What to do: Repeat each record exactly. Any picture gets left out.

Provided material:
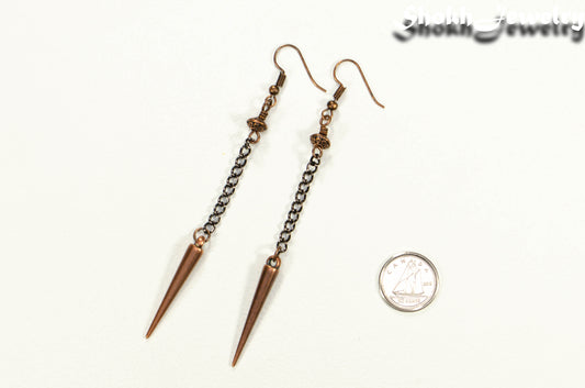 Statement chain and antique copper spike earrings
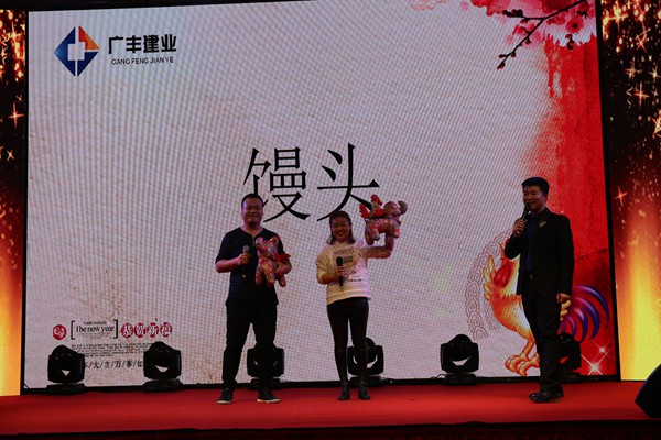 首先,集團(tuán)公司董事長(zhǎng)王曉軍先生首先致新年祝詞,對(duì)公司過(guò)去一年所取得的成績(jī)給予了充分的肯定,并對(duì)所有同仁為公司發(fā)展所做出的努力表示衷心的感謝,隨后王董事長(zhǎng)帶領(lǐng)公司重要領(lǐng)導(dǎo)層共同舉杯慶祝,年會(huì)正式拉開帷幕。此次新春年會(huì)由公司各部門的員工帶來(lái)了形式各異、讓人目不暇接的表演。其中《歌伴舞》由公司領(lǐng)導(dǎo)領(lǐng)唱及集團(tuán)公司舞蹈隊(duì)伴舞的節(jié)目讓現(xiàn)場(chǎng)在坐的同仁不由的嘖嘖稱贊,展現(xiàn)出了領(lǐng)導(dǎo)與員工之間的默契配合;小品《吃面》,形象、生動(dòng)的表演及與臺(tái)下員工的互動(dòng)更是引起大家陣陣掌聲與歡呼聲;民族《舞蹈》等節(jié)目,五彩繽紛,精彩紛呈,中間還穿插著新穎別致的游戲?qū)⒛陼?huì)一步步推向高潮。年會(huì)不僅給大家?guī)?lái)了歡聲笑語(yǔ),同時(shí)也讓同事之間的心更加貼近。公司領(lǐng)導(dǎo)與員工親情互動(dòng)、歌聲、掌聲、歡呼聲一直在會(huì)場(chǎng)上蕩漾。整場(chǎng)晚會(huì)高潮迭起,呈現(xiàn)出廣豐集團(tuán)公司這個(gè)大家庭的歡樂(lè)和諧。晚會(huì)上大家彼此交流著一年的收獲、展望新的一年,推杯換盞間抒發(fā)著感慨。把酒言歡中,本次年會(huì)圓滿的落下帷幕。
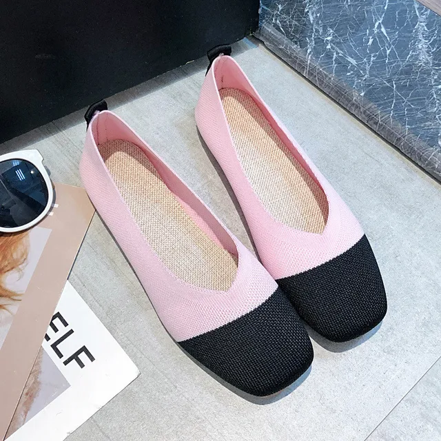 female Flache Schuhe Square Head Schuhe Atmungs Stricken Spitze Schuhe Mischfarbe Frauen Weiche Schuhe Frauen Zapato De Women S Flats Aliexpress
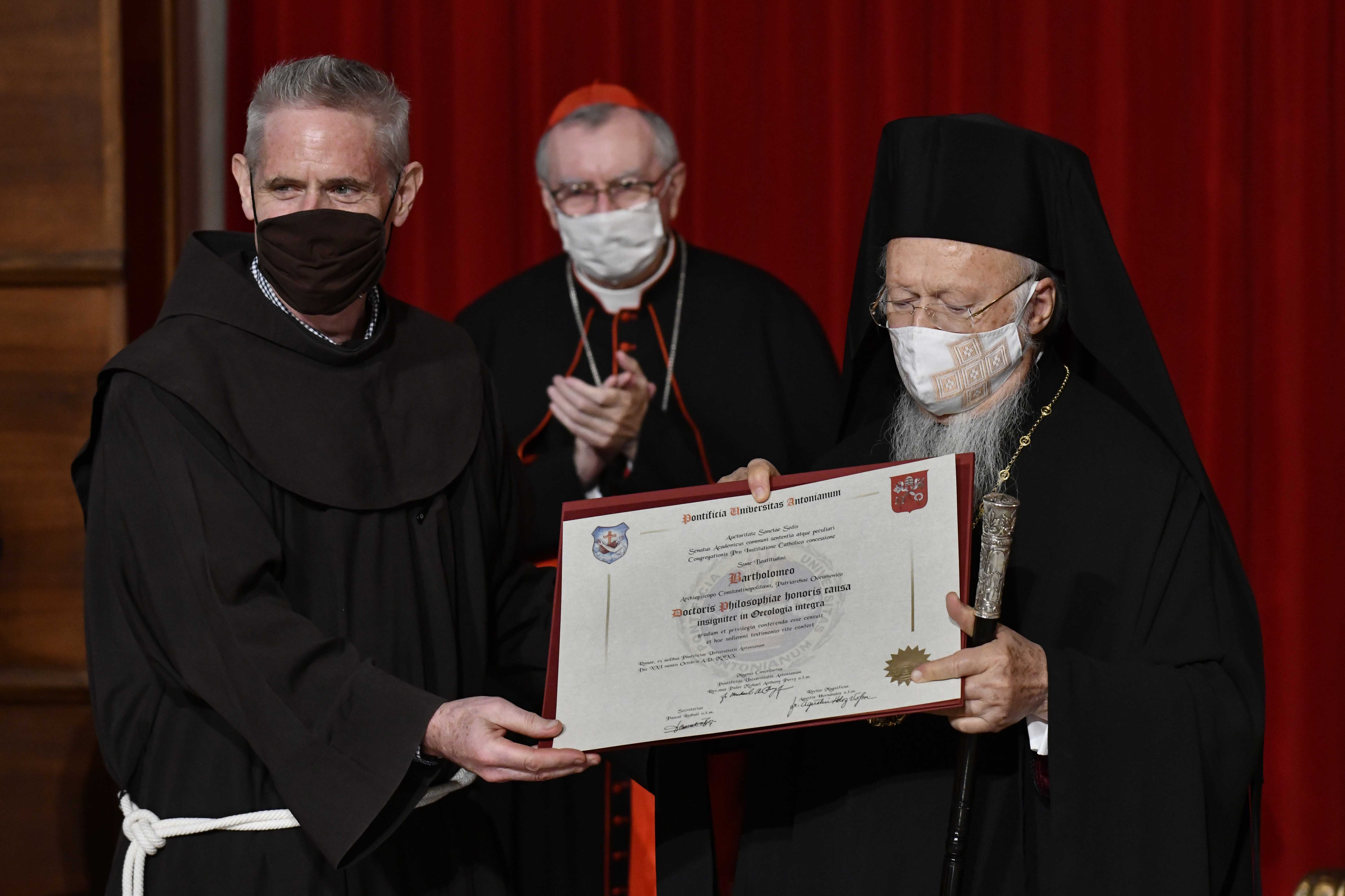 “Negli ultimi decenni, il mondo ha assistito ad un allarmante degrado ambientale – con il cambiamento climatico, la perdita della biodiversità e l’inquinamento delle risorse naturali – insieme a un crescente divario tra ricchi e poveri”. “Siamo tutti colpevoli in tante cose!”. Ha usato parole forti il patriarca ecumenico di Costantinopoli, Bartolomeo I, per denunciare lo stato di degrado e distruzione che l’uomo sta facendo subire al pianeta terra. Lo ha fatto questa mattina intervenendo all’apertura dell’anno accademico della Pontificia Università Antonianum con una prolusione dal titolo “Il Patriarcato ecumenico nel mondo contemporaneo: visione e testimonianza sociale”. In questa occasione, il rettore dell’Antonianum, Augustìn Hernàndez Vidales, ha conferito al patriarca il dottorato honoris causa in filosofia, alla presenza del card. Pietro Parolin, segretario di Stato vaticano. Conosciuto nel mondo come “Patriarca verde” per il suo impegno ormai pluridecennale a favore dell’ambiente, Bartolomeo non nasconde la sua preoccupazione per lo “stato di salute” della terra. “È evidente che la ragione del progresso è falsa e inopportuna, quando la casa dell’uomo viene distrutta e viene falcidiata la persona umana”, ha detto. “Con questo spirito, benediciamo ogni iniziativa, che contribuisca alla consapevolezza della gravità della presente crisi ecologica e dei problemi sociali correlati, nonché della necessità di un cambiamento radicale di mentalità e di un orientamento valutativo dell’uomo contemporaneo”. Nella prolusione, Bartolomeo chiama tutti all’impegno, sottolineando “l’urgenza di interventi mirati”. “È inconcepibile che la politica sostenga scelte che funzionano a scapito dell’ambiente naturale e della coesione sociale. E neppure l’economia è legittimata a rimanere nella sua propria legge e nel principio della massimizzazione della redditività, quando queste sono distruttive per l’ambiente e per la società. Inoltre, il prometeico ‘imperativo tecnologico’ che impone di produrre ciò che è tecnicamente possibile, senza interessarsi sugli effetti per l’uomo e per il creato, promuove comportamenti distruttivi nei confronti dell’ambiente”.
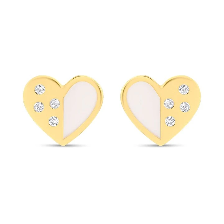 14ct Gold Mother Of Pearl CZ Heart Stud Earrings - G1319
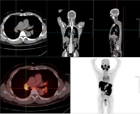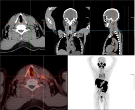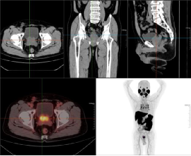 老年男性,前列腺增生病史,发现左侧颈部肿块多年,排尿困难,分叉5年,血精,怀疑前列腺肿瘤。PET/CT图如下。第一排为CT图,第二排分别为融合图、MIP图。
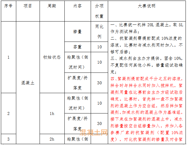 ②采用比賽規定的混凝土配合比,比賽前一周主辦方向各參賽單位公布所有原材料配合比以及減水劑、絮凝劑和抗絮凝劑摻量。
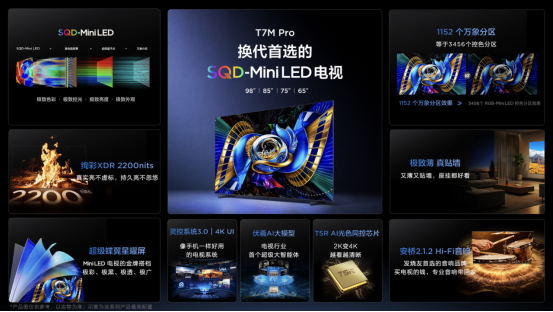 T7M Pro作为定位换代首选的SQD-Mini LED电视,实现了对同价位段产品的“跨代技术碾压”,堪称电视换代的闭眼之选。该机在主流价位段率先采用SQD-Mini LED技术,其100%BT.2020全局高色域较普通Mini LED领先一个代际。1152个万象分区的分区数量等同于RGB电视3456分区,配合绚彩XDR 2200nits亮度,在色彩、对比度与亮度上形成全面优势,实现对同级产品的技术降维打击。此外,它还升级了超级蝶翼星曜屏、安桥2.1.2Hi-Fi音响、TSR AI光色同控芯片及灵控系统3.0,确保使用体验无短板。
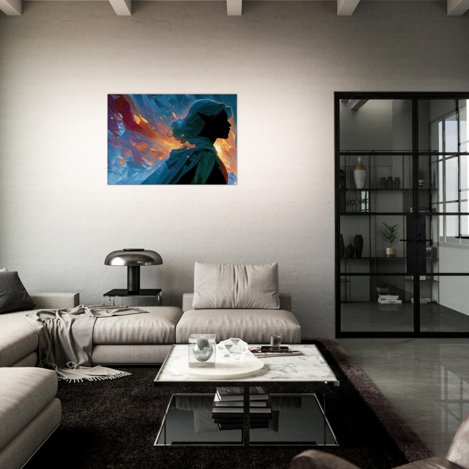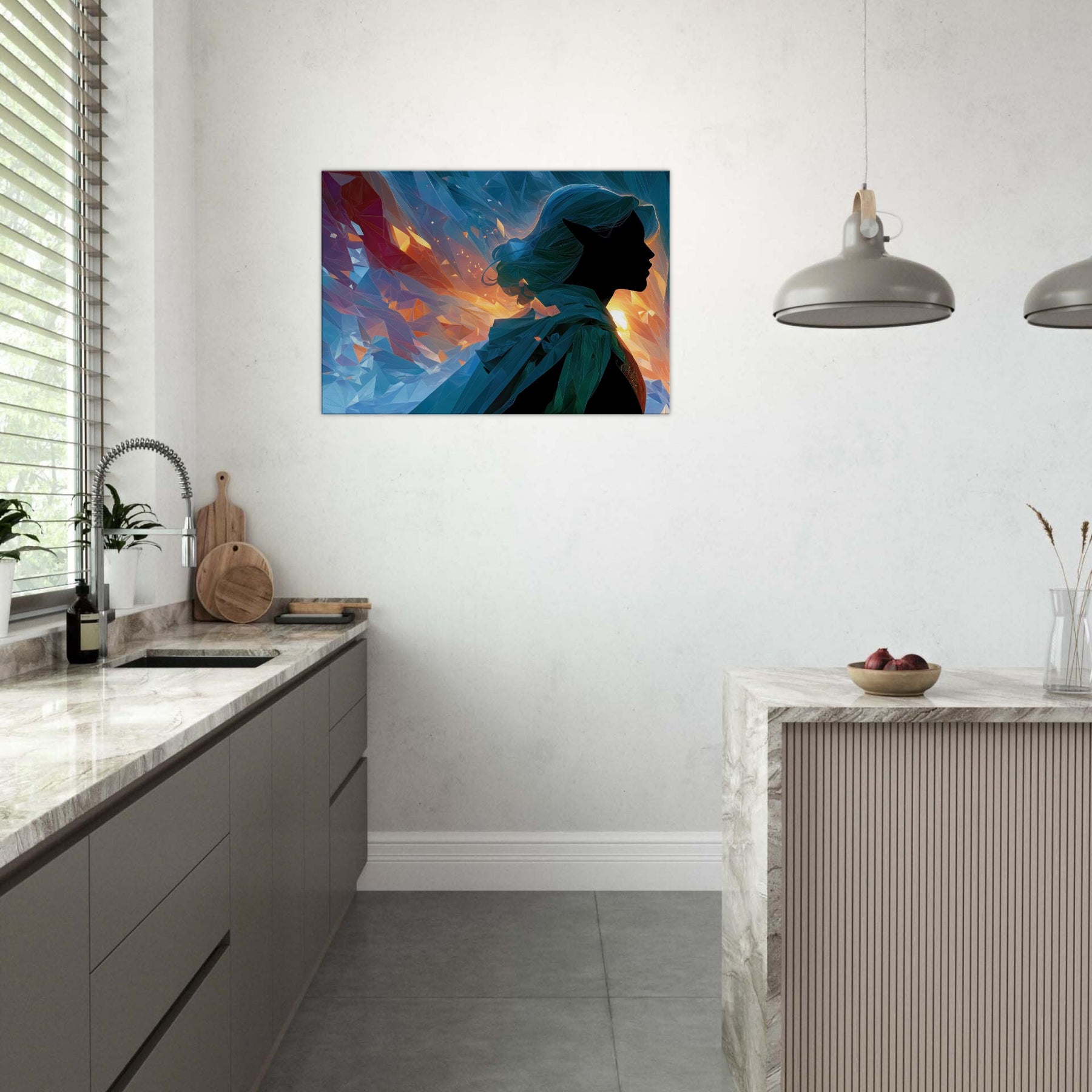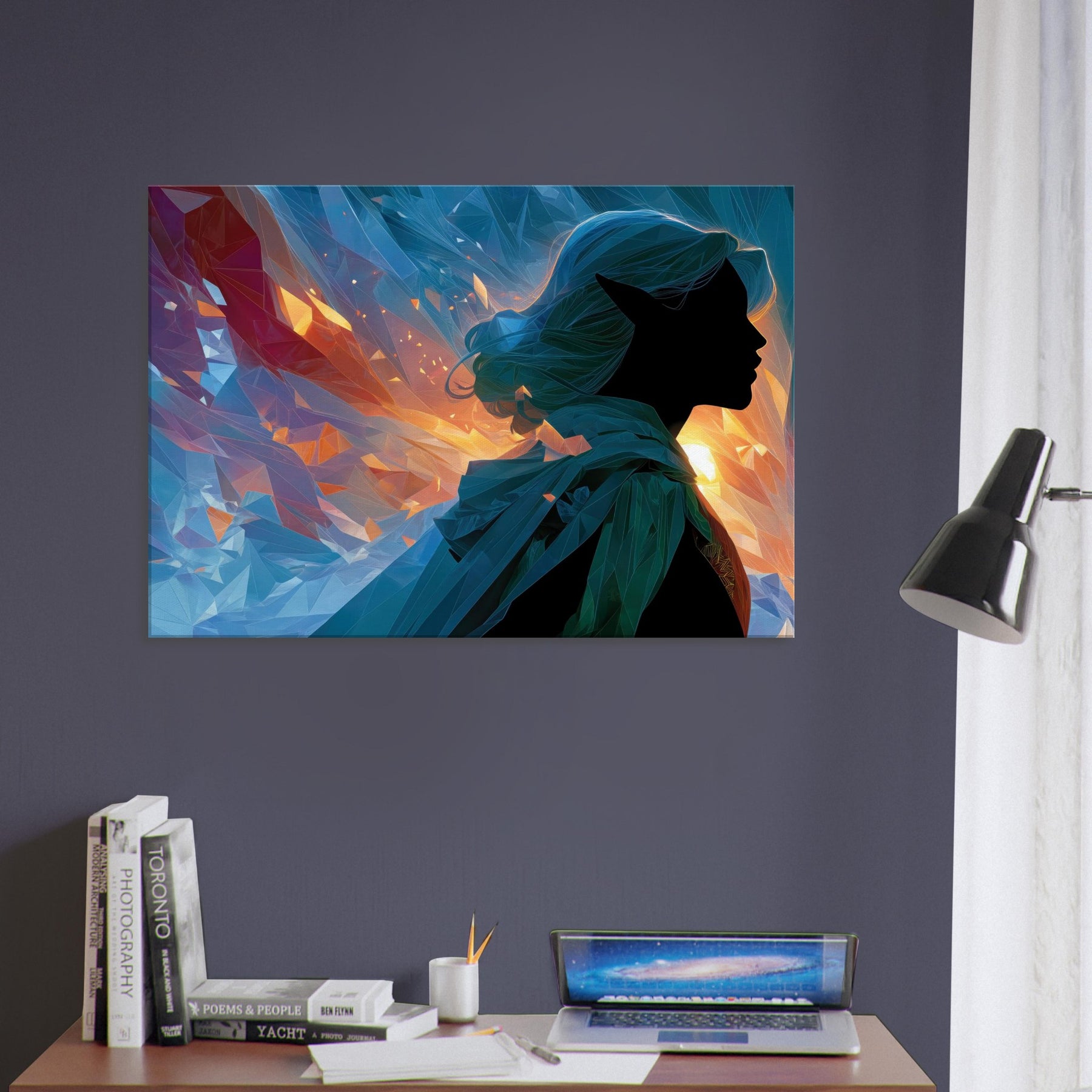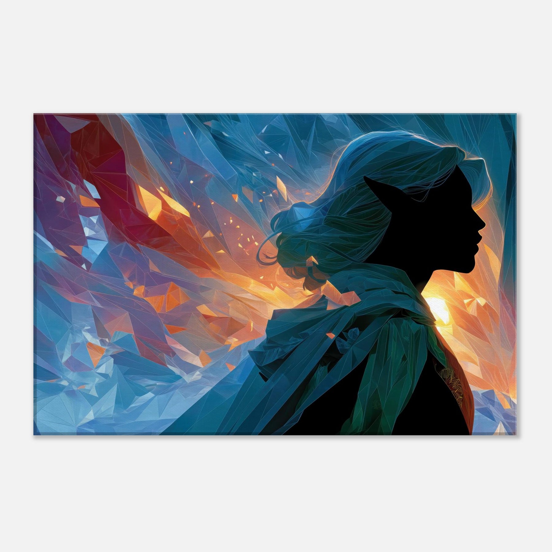 Let the Mystical Elf guiding silhouette drift into your room, where fiery golds meet cool blues in a whispering dance of light. This abstract composition gathers shards of color like memories of a dawn lit forest, inviting calm, curiosity, and a quiet sense of wonder. The glassy facets refract sunlit moments, casting shimmer across walls and cushions, turning any living space into a sanctuary for imagination. A striking focal point that balances mystery with serenity, it complements modern neutrals or bold palettes with timeless, ethereal charm.

Response area:
 Statement chain and antique copper spike earrings
 首先,集團(tuán)公司董事長(zhǎng)王曉軍先生首先致新年祝詞,對(duì)公司過(guò)去一年所取得的成績(jī)給予了充分的肯定,并對(duì)所有同仁為公司發(fā)展所做出的努力表示衷心的感謝,隨后王董事長(zhǎng)帶領(lǐng)公司重要領(lǐng)導(dǎo)層共同舉杯慶祝,年會(huì)正式拉開帷幕。此次新春年會(huì)由公司各部門的員工帶來(lái)了形式各異、讓人目不暇接的表演。其中《歌伴舞》由公司領(lǐng)導(dǎo)領(lǐng)唱及集團(tuán)公司舞蹈隊(duì)伴舞的節(jié)目讓現(xiàn)場(chǎng)在坐的同仁不由的嘖嘖稱贊,展現(xiàn)出了領(lǐng)導(dǎo)與員工之間的默契配合;小品《吃面》,形象、生動(dòng)的表演及與臺(tái)下員工的互動(dòng)更是引起大家陣陣掌聲與歡呼聲;民族《舞蹈》等節(jié)目,五彩繽紛,精彩紛呈,中間還穿插著新穎別致的游戲?qū)⒛陼?huì)一步步推向高潮。年會(huì)不僅給大家?guī)?lái)了歡聲笑語(yǔ),同時(shí)也讓同事之間的心更加貼近。公司領(lǐng)導(dǎo)與員工親情互動(dòng)、歌聲、掌聲、歡呼聲一直在會(huì)場(chǎng)上蕩漾。整場(chǎng)晚會(huì)高潮迭起,呈現(xiàn)出廣豐集團(tuán)公司這個(gè)大家庭的歡樂(lè)和諧。晚會(huì)上大家彼此交流著一年的收獲、展望新的一年,推杯換盞間抒發(fā)著感慨。把酒言歡中,本次年會(huì)圓滿的落下帷幕。
 female Flache Schuhe Square Head Schuhe Atmungs Stricken Spitze Schuhe Mischfarbe Frauen Weiche Schuhe Frauen Zapato De Women S Flats Aliexpress
 “Negli ultimi decenni, il mondo ha assistito ad un allarmante degrado ambientale – con il cambiamento climatico, la perdita della biodiversità e l’inquinamento delle risorse naturali – insieme a un crescente divario tra ricchi e poveri”. “Siamo tutti colpevoli in tante cose!”. Ha usato parole forti il patriarca ecumenico di Costantinopoli, Bartolomeo I, per denunciare lo stato di degrado e distruzione che l’uomo sta facendo subire al pianeta terra. Lo ha fatto questa mattina intervenendo all’apertura dell’anno accademico della Pontificia Università Antonianum con una prolusione dal titolo “Il Patriarcato ecumenico nel mondo contemporaneo: visione e testimonianza sociale”. In questa occasione, il rettore dell’Antonianum, Augustìn Hernàndez Vidales, ha conferito al patriarca il dottorato honoris causa in filosofia, alla presenza del card. Pietro Parolin, segretario di Stato vaticano. Conosciuto nel mondo come “Patriarca verde” per il suo impegno ormai pluridecennale a favore dell’ambiente, Bartolomeo non nasconde la sua preoccupazione per lo “stato di salute” della terra. “È evidente che la ragione del progresso è falsa e inopportuna, quando la casa dell’uomo viene distrutta e viene falcidiata la persona umana”, ha detto. “Con questo spirito, benediciamo ogni iniziativa, che contribuisca alla consapevolezza della gravità della presente crisi ecologica e dei problemi sociali correlati, nonché della necessità di un cambiamento radicale di mentalità e di un orientamento valutativo dell’uomo contemporaneo”. Nella prolusione, Bartolomeo chiama tutti all’impegno, sottolineando “l’urgenza di interventi mirati”. “È inconcepibile che la politica sostenga scelte che funzionano a scapito dell’ambiente naturale e della coesione sociale. E neppure l’economia è legittimata a rimanere nella sua propria legge e nel principio della massimizzazione della redditività, quando queste sono distruttive per l’ambiente e per la società. Inoltre, il prometeico ‘imperativo tecnologico’ che impone di produrre ciò che è tecnicamente possibile, senza interessarsi sugli effetti per l’uomo e per il creato, promuove comportamenti distruttivi nei confronti dell’ambiente”.
 14ct Gold Mother Of Pearl CZ Heart Stud Earrings - G1319
 老年男性,前列腺增生病史,发现左侧颈部肿块多年,排尿困难,分叉5年,血精,怀疑前列腺肿瘤。PET/CT图如下。第一排为CT图,第二排分别为融合图、MIP图。
 ②采用比賽規定的混凝土配合比,比賽前一周主辦方向各參賽單位公布所有原材料配合比以及減水劑、絮凝劑和抗絮凝劑摻量。
 T7M Pro作为定位换代首选的SQD-Mini LED电视,实现了对同价位段产品的“跨代技术碾压”,堪称电视换代的闭眼之选。该机在主流价位段率先采用SQD-Mini LED技术,其100%BT.2020全局高色域较普通Mini LED领先一个代际。1152个万象分区的分区数量等同于RGB电视3456分区,配合绚彩XDR 2200nits亮度,在色彩、对比度与亮度上形成全面优势,实现对同级产品的技术降维打击。此外,它还升级了超级蝶翼星曜屏、安桥2.1.2Hi-Fi音响、TSR AI光色同控芯片及灵控系统3.0,确保使用体验无短板。
 Let the Mystical Elf guiding silhouette drift into your room, where fiery golds meet cool blues in a whispering dance of light. This abstract composition gathers shards of color like memories of a dawn lit forest, inviting calm, curiosity, and a quiet sense of wonder. The glassy facets refract sunlit moments, casting shimmer across walls and cushions, turning any living space into a sanctuary for imagination. A striking focal point that balances mystery with serenity, it complements modern neutrals or bold palettes with timeless, ethereal charm.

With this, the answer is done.